→ Activity: Only the pictures should be dropped; every line of the data must come back exactly as written.

→ Given material:
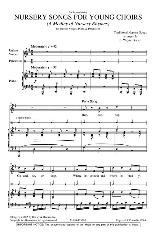 This medley of nursery rhymes is perfect for a classroom of young singers! Simple percussion parts add musical interest to these twelve familiar tunes. With piano.
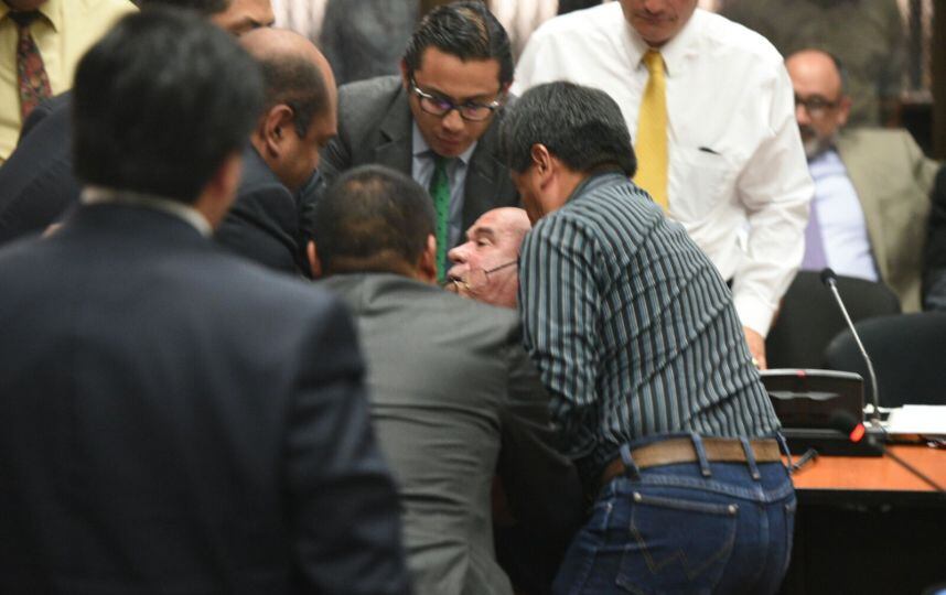 Tras discutir con el juez Miguel Ángel Gálvez, indicó que se “sentía mal de salud” y reunió sus cosas y dejó la sala. De pronto, al salir, se tropezó y aparentemente sufrió un desmayo.
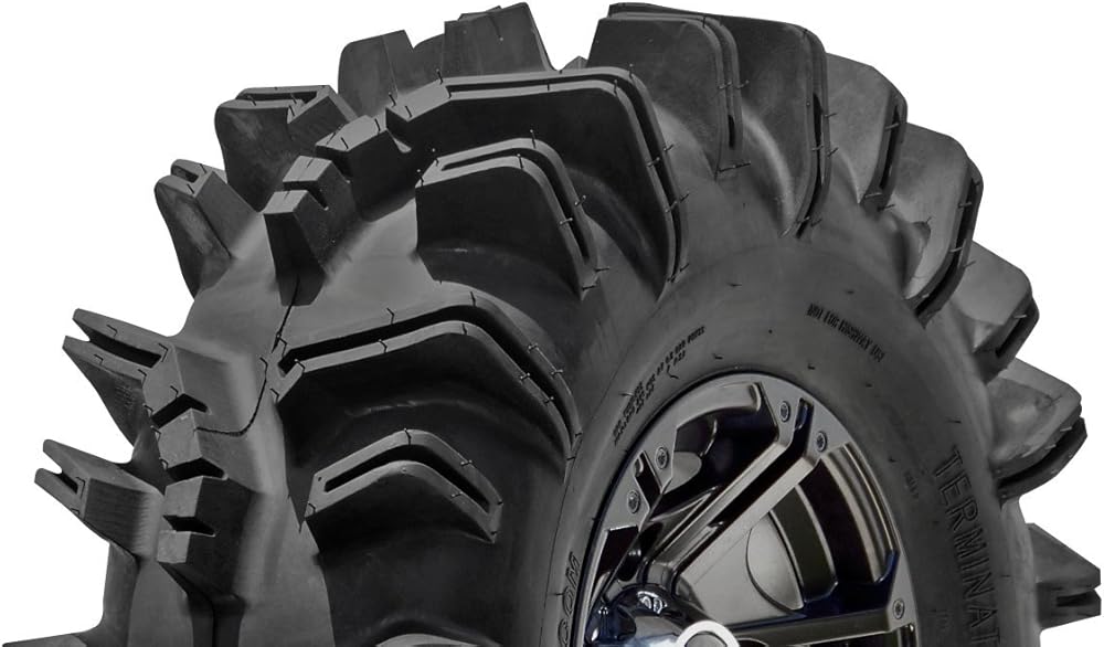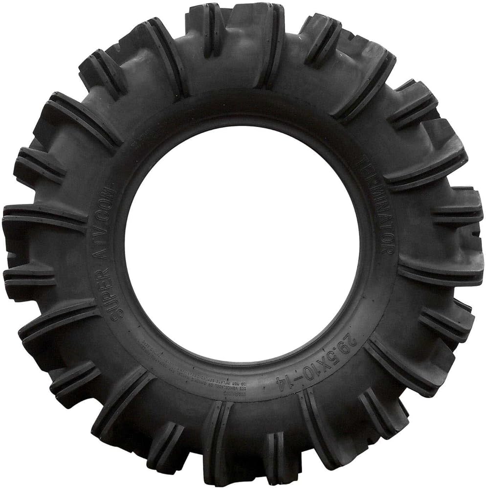 TERMINATOR TIRE SuperATV's Terminator is hands down the most aggressive mud tire on the market. The Terminator has the ability to take you where other tires can only dream of going. The Terminator's 6-Ply construction is designed for ultimate off-road performance, guarding against all the thorns and terrain you can put it through. With its angled tread design, the tire diverts mud away for improved grip and traction. Fitment: 28x10-12

→ Result of this exercise:
 This medley of nursery rhymes is perfect for a classroom of young singers! Simple percussion parts add musical interest to these twelve familiar tunes. With piano.
 Tras discutir con el juez Miguel Ángel Gálvez, indicó que se “sentía mal de salud” y reunió sus cosas y dejó la sala. De pronto, al salir, se tropezó y aparentemente sufrió un desmayo.
 TERMINATOR TIRE SuperATV's Terminator is hands down the most aggressive mud tire on the market. The Terminator has the ability to take you where other tires can only dream of going. The Terminator's 6-Ply construction is designed for ultimate off-road performance, guarding against all the thorns and terrain you can put it through. With its angled tread design, the tire diverts mud away for improved grip and traction. Fitment: 28x10-12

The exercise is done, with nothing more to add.